__Work to complete__
Would you quote every entry exactly, dropping only the pictures?
*** Data listing ***
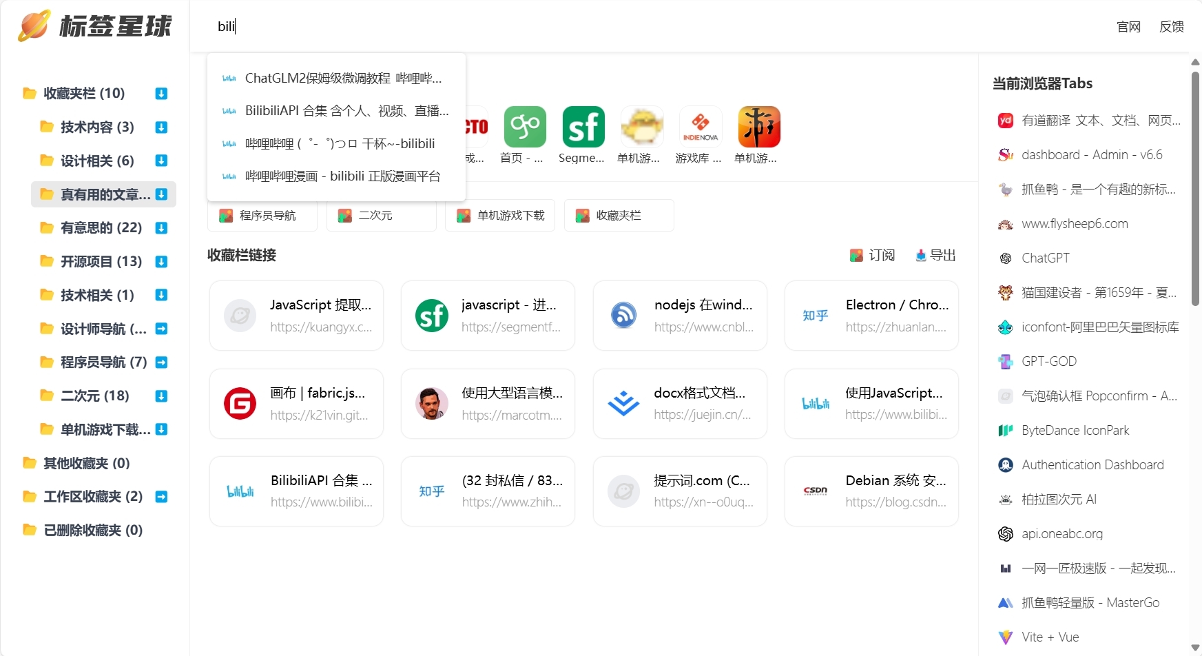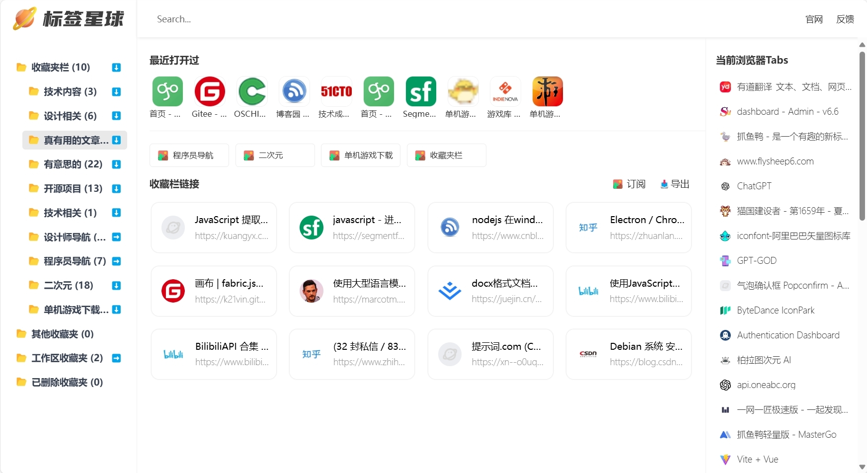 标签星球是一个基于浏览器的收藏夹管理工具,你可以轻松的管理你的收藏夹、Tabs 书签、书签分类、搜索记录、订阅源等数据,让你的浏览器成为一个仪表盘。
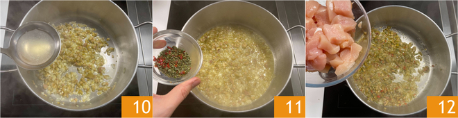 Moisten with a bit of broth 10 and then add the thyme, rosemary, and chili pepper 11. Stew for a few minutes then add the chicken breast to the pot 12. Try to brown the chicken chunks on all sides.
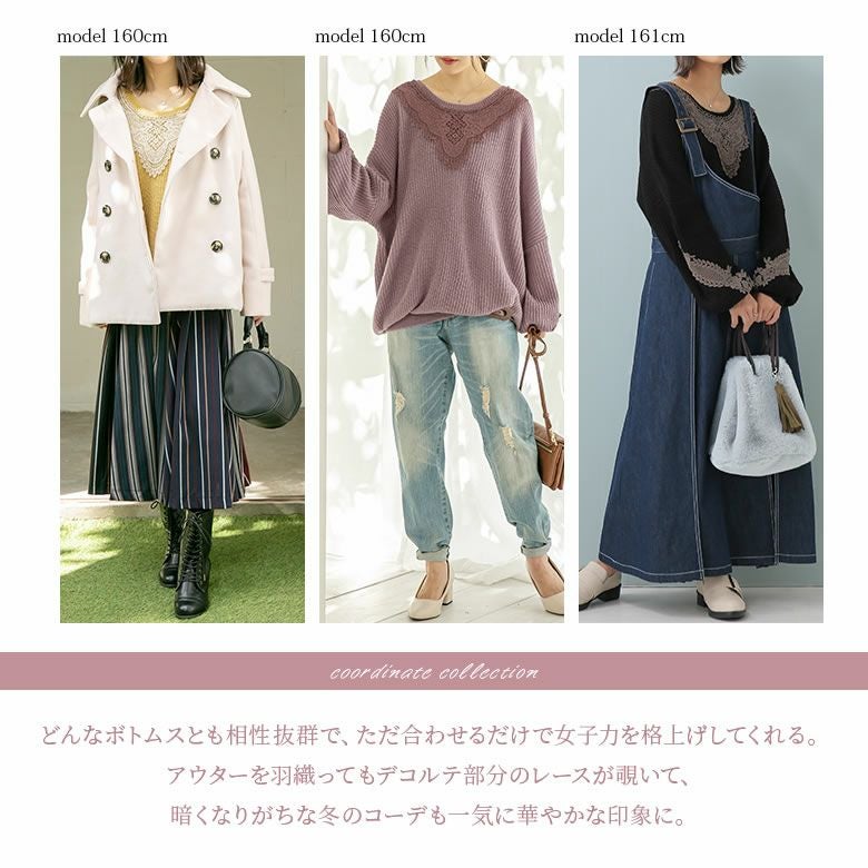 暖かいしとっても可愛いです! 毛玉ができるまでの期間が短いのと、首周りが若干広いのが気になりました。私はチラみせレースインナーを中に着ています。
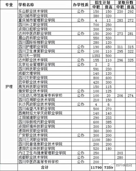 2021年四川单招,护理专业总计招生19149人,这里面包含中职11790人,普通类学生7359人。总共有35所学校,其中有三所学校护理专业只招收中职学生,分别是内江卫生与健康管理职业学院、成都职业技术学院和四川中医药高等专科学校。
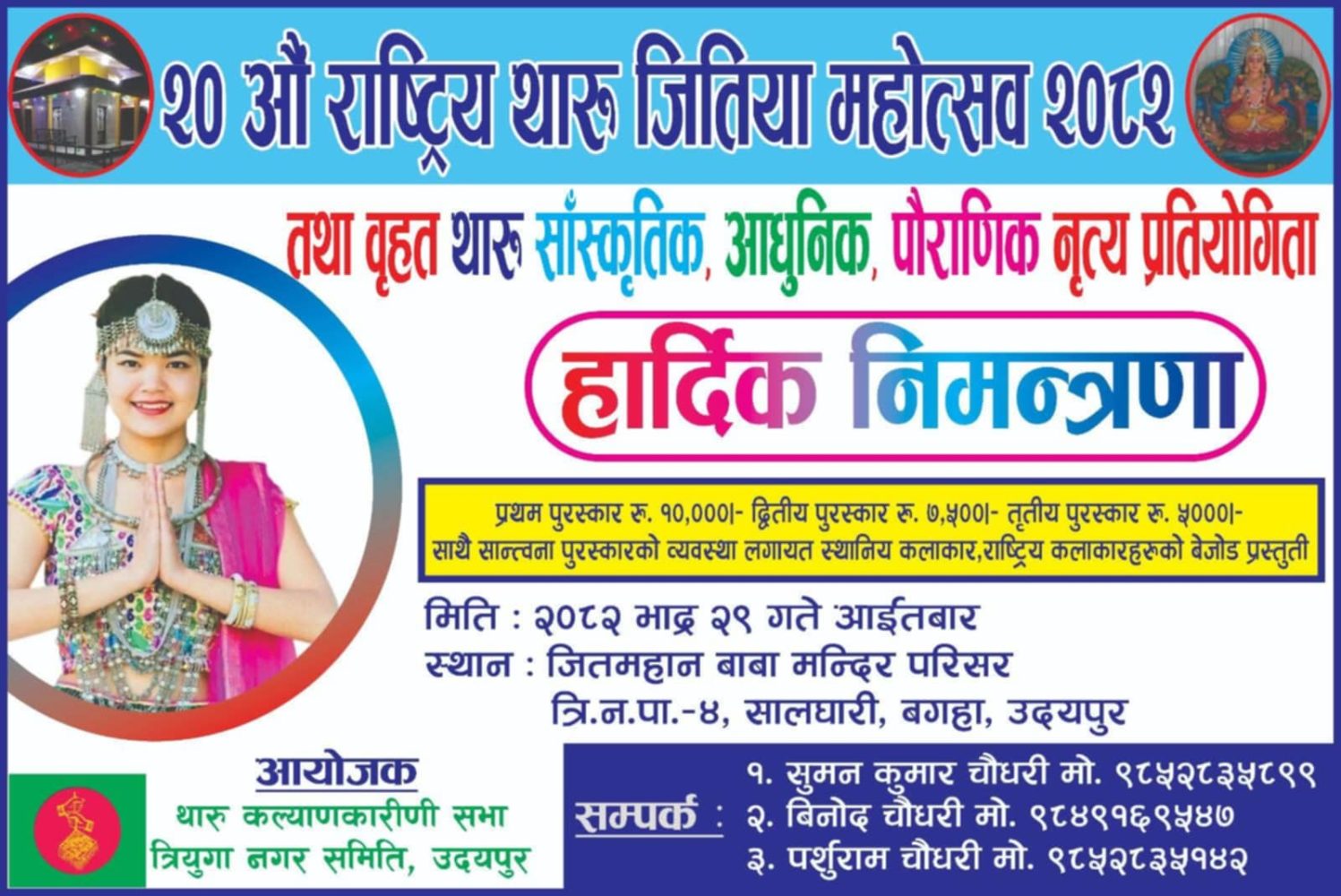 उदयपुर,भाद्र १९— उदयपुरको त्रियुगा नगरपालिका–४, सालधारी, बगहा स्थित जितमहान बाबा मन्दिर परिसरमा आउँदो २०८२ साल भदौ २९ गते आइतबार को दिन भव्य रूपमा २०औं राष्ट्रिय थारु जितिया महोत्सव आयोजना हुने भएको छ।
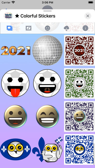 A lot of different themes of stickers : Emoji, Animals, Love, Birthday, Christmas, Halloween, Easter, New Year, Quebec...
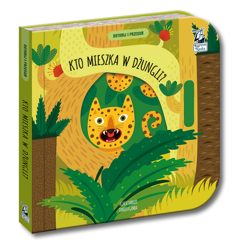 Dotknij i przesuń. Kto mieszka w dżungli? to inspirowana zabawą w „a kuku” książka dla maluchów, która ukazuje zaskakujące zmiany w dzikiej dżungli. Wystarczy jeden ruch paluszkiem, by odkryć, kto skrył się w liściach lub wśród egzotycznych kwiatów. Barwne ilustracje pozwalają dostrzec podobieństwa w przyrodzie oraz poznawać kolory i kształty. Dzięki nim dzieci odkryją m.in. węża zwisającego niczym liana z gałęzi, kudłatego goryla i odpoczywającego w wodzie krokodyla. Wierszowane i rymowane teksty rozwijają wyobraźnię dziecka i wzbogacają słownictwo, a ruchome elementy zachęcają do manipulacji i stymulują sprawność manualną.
*** End of Data listing ***
__Solution to the exercise__
 标签星球是一个基于浏览器的收藏夹管理工具,你可以轻松的管理你的收藏夹、Tabs 书签、书签分类、搜索记录、订阅源等数据,让你的浏览器成为一个仪表盘。
 Moisten with a bit of broth 10 and then add the thyme, rosemary, and chili pepper 11. Stew for a few minutes then add the chicken breast to the pot 12. Try to brown the chicken chunks on all sides.
 暖かいしとっても可愛いです! 毛玉ができるまでの期間が短いのと、首周りが若干広いのが気になりました。私はチラみせレースインナーを中に着ています。
 2021年四川单招,护理专业总计招生19149人,这里面包含中职11790人,普通类学生7359人。总共有35所学校,其中有三所学校护理专业只招收中职学生,分别是内江卫生与健康管理职业学院、成都职业技术学院和四川中医药高等专科学校。
 उदयपुर,भाद्र १९— उदयपुरको त्रियुगा नगरपालिका–४, सालधारी, बगहा स्थित जितमहान बाबा मन्दिर परिसरमा आउँदो २०८२ साल भदौ २९ गते आइतबार को दिन भव्य रूपमा २०औं राष्ट्रिय थारु जितिया महोत्सव आयोजना हुने भएको छ।
 A lot of different themes of stickers : Emoji, Animals, Love, Birthday, Christmas, Halloween, Easter, New Year, Quebec...
 Dotknij i przesuń. Kto mieszka w dżungli? to inspirowana zabawą w „a kuku” książka dla maluchów, która ukazuje zaskakujące zmiany w dzikiej dżungli. Wystarczy jeden ruch paluszkiem, by odkryć, kto skrył się w liściach lub wśród egzotycznych kwiatów. Barwne ilustracje pozwalają dostrzec podobieństwa w przyrodzie oraz poznawać kolory i kształty. Dzięki nim dzieci odkryją m.in. węża zwisającego niczym liana z gałęzi, kudłatego goryla i odpoczywającego w wodzie krokodyla. Wierszowane i rymowane teksty rozwijają wyobraźnię dziecka i wzbogacają słownictwo, a ruchome elementy zachęcają do manipulacji i stymulują sprawność manualną.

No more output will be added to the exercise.